PNORM(q, mean, stddev) returns $p$ using the equation

$$ \int_{-\infty}^{q} f(x; \mu, \sigma)dx = p $$

and RNORM(mean, stddev) draws a random number from a Normal distribution with mean mean ( $\mu$ ) and standard deviation stddev ( $\sigma$ ) which is defined as

$$ f(x; \mu, \sigma) = \frac{1}{\sigma\sqrt{2\pi}} e^{-\frac{1}{2} (\frac{x-\mu}{\sigma})^2} $$

and $-\infty < x < \infty$.

# Quantile of Normal Distribution with mean 0 and standard deviation 1
result = DBInterface.execute(db, "select QNORM(0.025, 0.0, 1.0) from table") |> DataFrame 

# Probability of Normal Distribution with mean 0 and standard deviation 1
result = DBInterface.execute(db, "select PNORM(-1.96, 0.0, 1.0) from table") |> DataFrame 

# Random number drawn from a Normal Distribution with mean * and standard deviation 1
result = DBInterface.execute(db, "select RNORM(0.0, 1.0) from table") |> DataFrame 

Other functions for distributions

Note that Q, P, and R prefix correspond to Quantile, CDF (Probability), and Random (number), respectively.
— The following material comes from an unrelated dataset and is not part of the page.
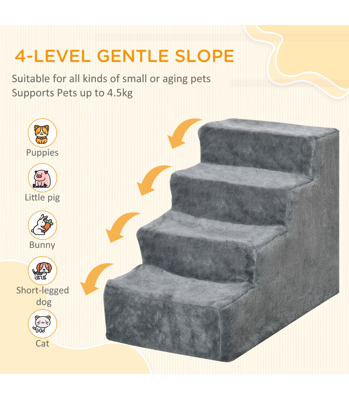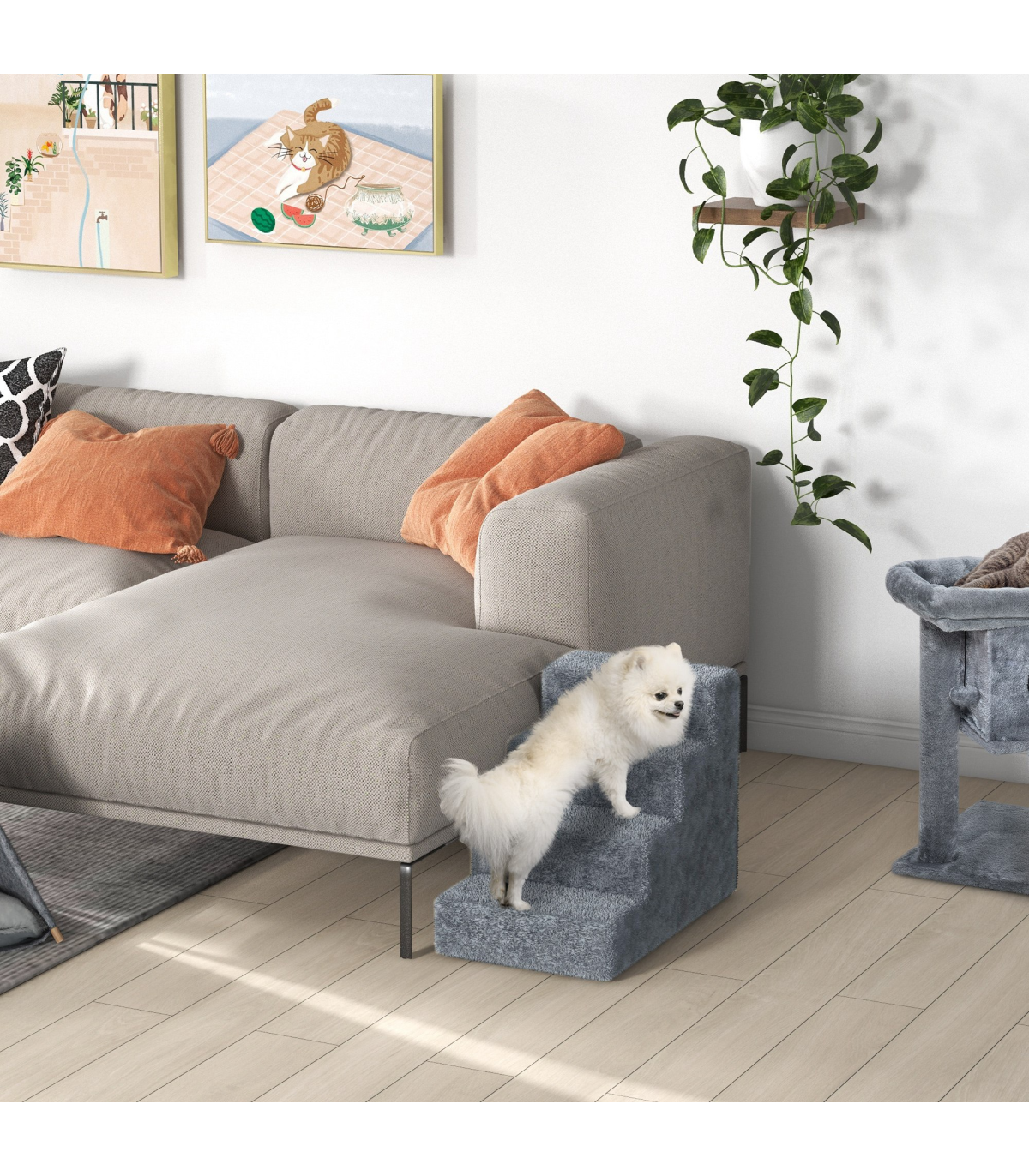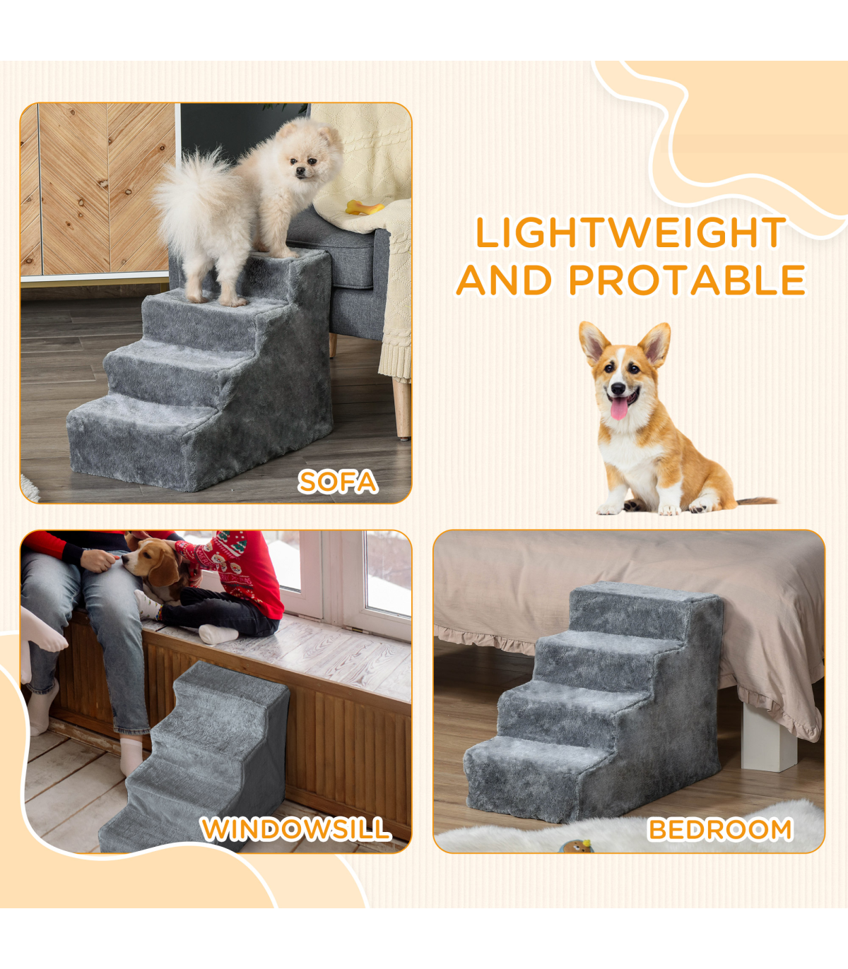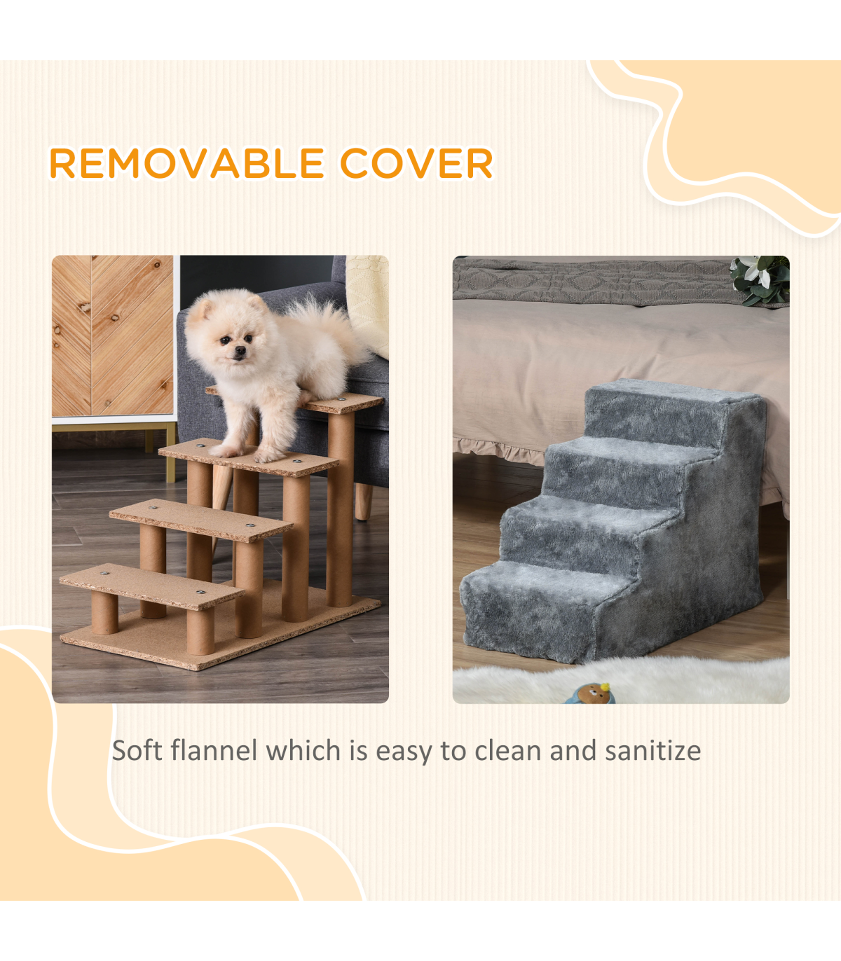 Portable Dog Stairs with Washable Plush Cover, for High Bed Sofa - Light Grey
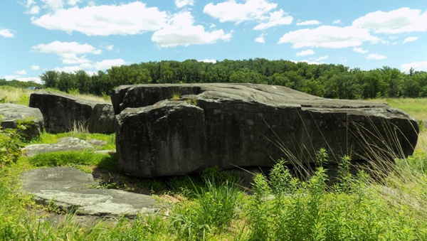 It is located approximately 40 yards off the trolley path by heading north toward the Wheatfield on the west bank of Plum Run, and is easier to spot during the fall.

  • QT(x, dof), PT(x, dof), RT(dof) for Student-T Distribution
  • QCHISQ(x, dof), PCHISQ(x, dof), RCHISQ(dof) for ChiSquare Distribution
  • QF(x, dof1, dof2), PF(x, dof1, dof2), RF(dof1, dof2) for F Distribution
  • QPOIS(x, lambda),RPOIS(x, lambda), RPOIS(lambda) for Poisson Distribution
  • QBINOM(x, n, p), PBINOM(x, n, p), RBINOM(n, p) for Binomial Distribution
  • QUNIF(x, a, b), PUNIF(x, a, b), RUNIF(a, b) for Uniform Distribution
  • QEXP(x, theta), PEXP(x, theta), REXP(theta) for Exponential Distribution
  • QBETA(x, alpha, beta), PGAMMA(x, alpha, beta), RGAMMA(alpha, beta) for Beta Distribution
  • QCAUCHY(x, location, scale), PCAUCHY(x, location, scale), RCAUCHY(location, scale) for Cauchy Distribution
  • QGAMMA(x, alpha, theta), PGAMMA(x, alpha, theta), RGAMMA(alpha, theta) for Gamma Distribution
  • QFRECHET(x, alpha), PFRECHET(x, alpha), RFRECHET(alpha) for Frechet Distribution
  • QPARETO(x, alpha, theta), PPARETO(x, alpha, theta), RPARETO(alpha, theta) for Pareto Distribution
  • QWEIBULL(x, alpha, theta), PWEIBULL(x, alpha, theta), RWEIBULL(alpha, theta) for Weibull Distribution

Hypothesis Tests

  • JB(x) for Jarque-Bera Normality Test (returns the p-value)

The Logic

The package mainly uses the register function. For example, a single variable function MEDIAN is registered as

SQLite.register(db, [], 
        (x,y) -> vcat(x, y), 
        x -> StatsBase.quantile(x, 0.50), 
        name = "MEDIAN")

whereas, the two-variable function COR is registered as

SQLite.register(db, Array{Float64, 2}(undef, (0, 2)), 
        (x, a, b) -> vcat(x, [a, b]'), 
        x -> StatsBase.cor(x[:,1], x[:,2]), 
        name = "COR", nargs = 2)

for Pearson's correlation coefficient.